TASK STATEMENT – For the entries below, the result should be an exact transcription of the lines from the one with "- STYLE & VERSATILITY: Elevate" up to and including the one with "The Mickey Finns", and only those.

EXCERPTED RECORDS –

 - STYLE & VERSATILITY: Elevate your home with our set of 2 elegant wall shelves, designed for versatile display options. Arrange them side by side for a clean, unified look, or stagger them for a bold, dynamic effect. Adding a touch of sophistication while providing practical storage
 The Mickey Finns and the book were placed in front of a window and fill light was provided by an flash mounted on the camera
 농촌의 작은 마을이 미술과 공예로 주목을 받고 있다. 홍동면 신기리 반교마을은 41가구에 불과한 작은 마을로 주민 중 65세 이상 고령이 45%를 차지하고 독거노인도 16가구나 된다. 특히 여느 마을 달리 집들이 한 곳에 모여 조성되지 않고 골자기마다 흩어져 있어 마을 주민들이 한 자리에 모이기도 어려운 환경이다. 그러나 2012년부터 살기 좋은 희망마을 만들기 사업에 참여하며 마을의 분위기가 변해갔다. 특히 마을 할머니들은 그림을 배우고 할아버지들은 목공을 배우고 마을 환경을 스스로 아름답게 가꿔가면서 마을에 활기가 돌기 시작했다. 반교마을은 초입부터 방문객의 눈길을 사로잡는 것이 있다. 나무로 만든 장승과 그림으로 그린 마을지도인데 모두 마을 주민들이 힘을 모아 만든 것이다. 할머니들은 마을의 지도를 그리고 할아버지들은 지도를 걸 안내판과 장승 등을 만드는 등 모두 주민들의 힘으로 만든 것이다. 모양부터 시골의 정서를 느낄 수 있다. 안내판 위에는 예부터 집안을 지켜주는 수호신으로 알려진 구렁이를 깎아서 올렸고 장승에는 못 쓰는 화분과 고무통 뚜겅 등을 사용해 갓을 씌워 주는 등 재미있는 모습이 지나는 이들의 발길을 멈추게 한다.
==
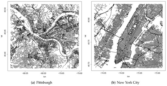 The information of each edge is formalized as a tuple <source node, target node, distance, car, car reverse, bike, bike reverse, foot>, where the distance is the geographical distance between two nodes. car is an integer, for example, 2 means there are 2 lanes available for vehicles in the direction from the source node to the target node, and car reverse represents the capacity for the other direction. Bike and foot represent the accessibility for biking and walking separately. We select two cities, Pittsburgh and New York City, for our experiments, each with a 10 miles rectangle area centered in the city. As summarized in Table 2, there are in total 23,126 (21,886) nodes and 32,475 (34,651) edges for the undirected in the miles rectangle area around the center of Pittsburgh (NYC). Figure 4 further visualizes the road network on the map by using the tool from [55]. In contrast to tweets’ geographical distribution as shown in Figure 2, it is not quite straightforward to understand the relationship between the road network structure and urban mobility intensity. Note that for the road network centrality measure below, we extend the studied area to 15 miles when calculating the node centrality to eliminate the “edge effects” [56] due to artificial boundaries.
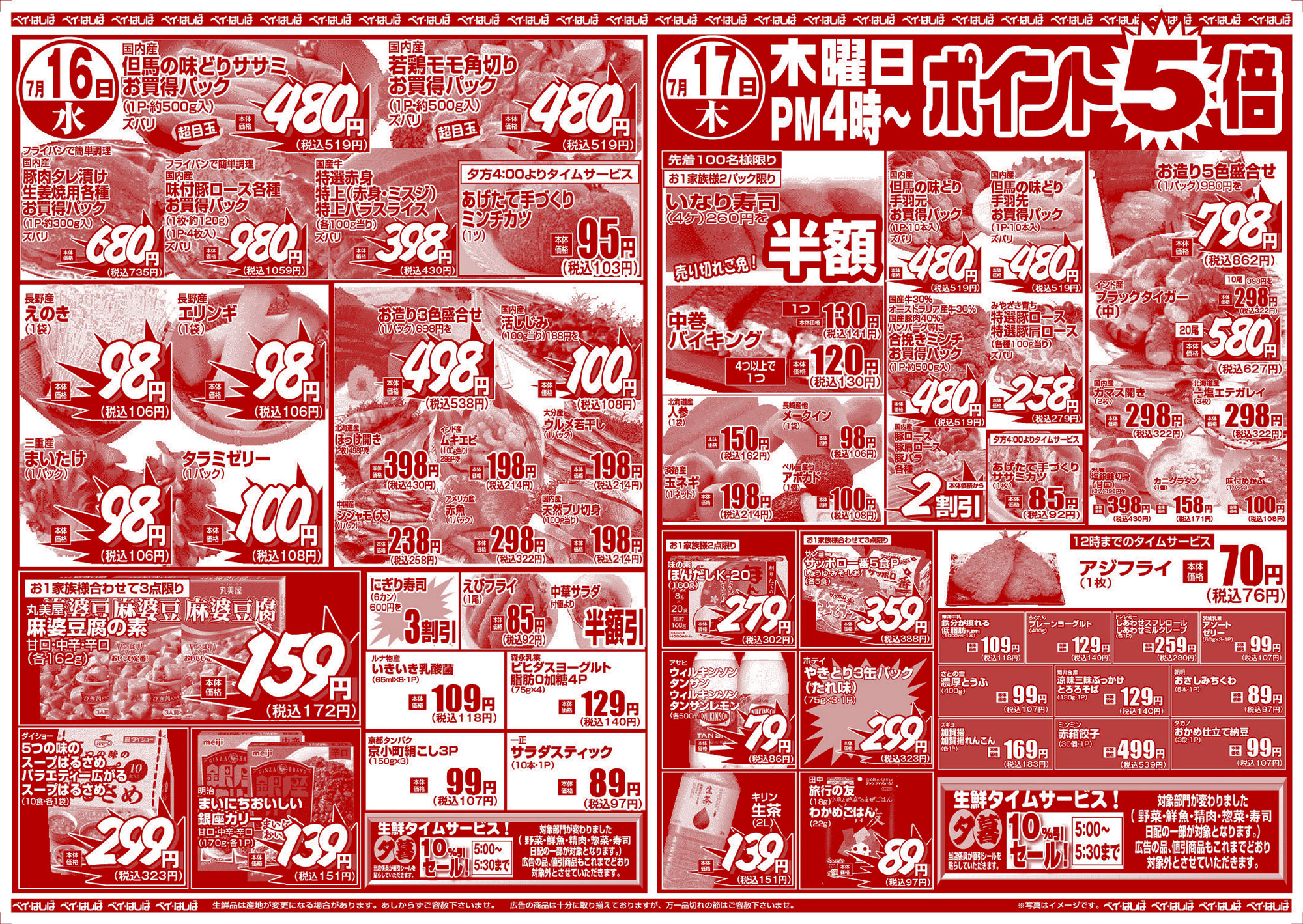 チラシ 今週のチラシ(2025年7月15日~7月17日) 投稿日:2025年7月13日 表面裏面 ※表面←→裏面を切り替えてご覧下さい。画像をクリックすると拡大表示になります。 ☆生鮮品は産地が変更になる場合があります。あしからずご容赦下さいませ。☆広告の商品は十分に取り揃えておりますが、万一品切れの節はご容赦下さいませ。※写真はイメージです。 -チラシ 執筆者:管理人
---
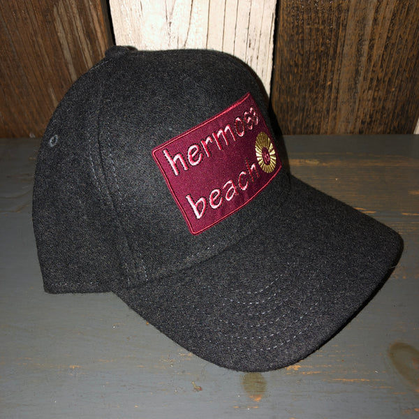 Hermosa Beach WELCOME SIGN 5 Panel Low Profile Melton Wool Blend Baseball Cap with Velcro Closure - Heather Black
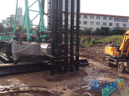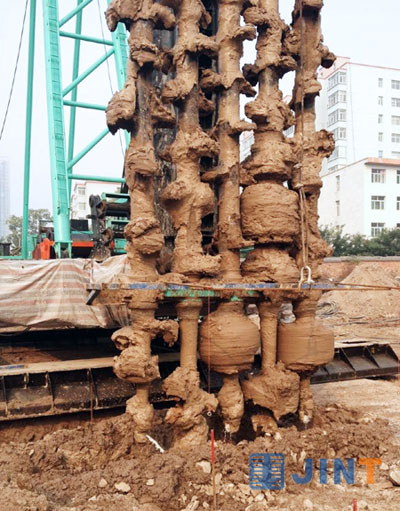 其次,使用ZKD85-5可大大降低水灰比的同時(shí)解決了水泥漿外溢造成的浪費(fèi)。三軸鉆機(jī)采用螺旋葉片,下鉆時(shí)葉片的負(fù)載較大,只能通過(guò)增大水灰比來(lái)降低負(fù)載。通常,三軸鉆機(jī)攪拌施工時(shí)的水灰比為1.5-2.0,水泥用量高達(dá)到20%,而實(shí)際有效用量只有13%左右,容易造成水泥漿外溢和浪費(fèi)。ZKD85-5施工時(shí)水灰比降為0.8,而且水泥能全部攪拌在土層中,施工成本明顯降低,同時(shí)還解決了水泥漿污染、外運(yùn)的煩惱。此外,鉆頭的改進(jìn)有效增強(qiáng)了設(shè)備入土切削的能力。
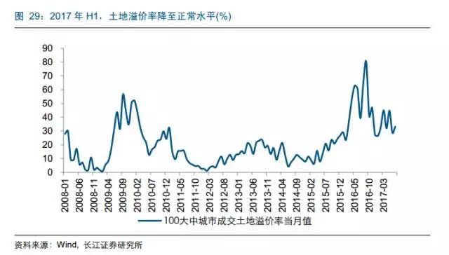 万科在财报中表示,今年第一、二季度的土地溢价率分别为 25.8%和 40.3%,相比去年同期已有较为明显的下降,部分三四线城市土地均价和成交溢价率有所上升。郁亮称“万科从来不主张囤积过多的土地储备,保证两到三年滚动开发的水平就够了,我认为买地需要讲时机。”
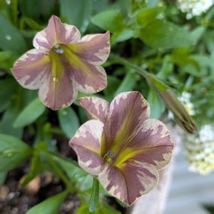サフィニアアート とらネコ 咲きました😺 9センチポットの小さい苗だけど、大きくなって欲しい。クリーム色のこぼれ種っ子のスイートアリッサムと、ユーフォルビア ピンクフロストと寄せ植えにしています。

OUTPUT FOR THIS EXERCISE –
 - STYLE & VERSATILITY: Elevate your home with our set of 2 elegant wall shelves, designed for versatile display options. Arrange them side by side for a clean, unified look, or stagger them for a bold, dynamic effect. Adding a touch of sophistication while providing practical storage
 The Mickey Finns and the book were placed in front of a window and fill light was provided by an flash mounted on the camera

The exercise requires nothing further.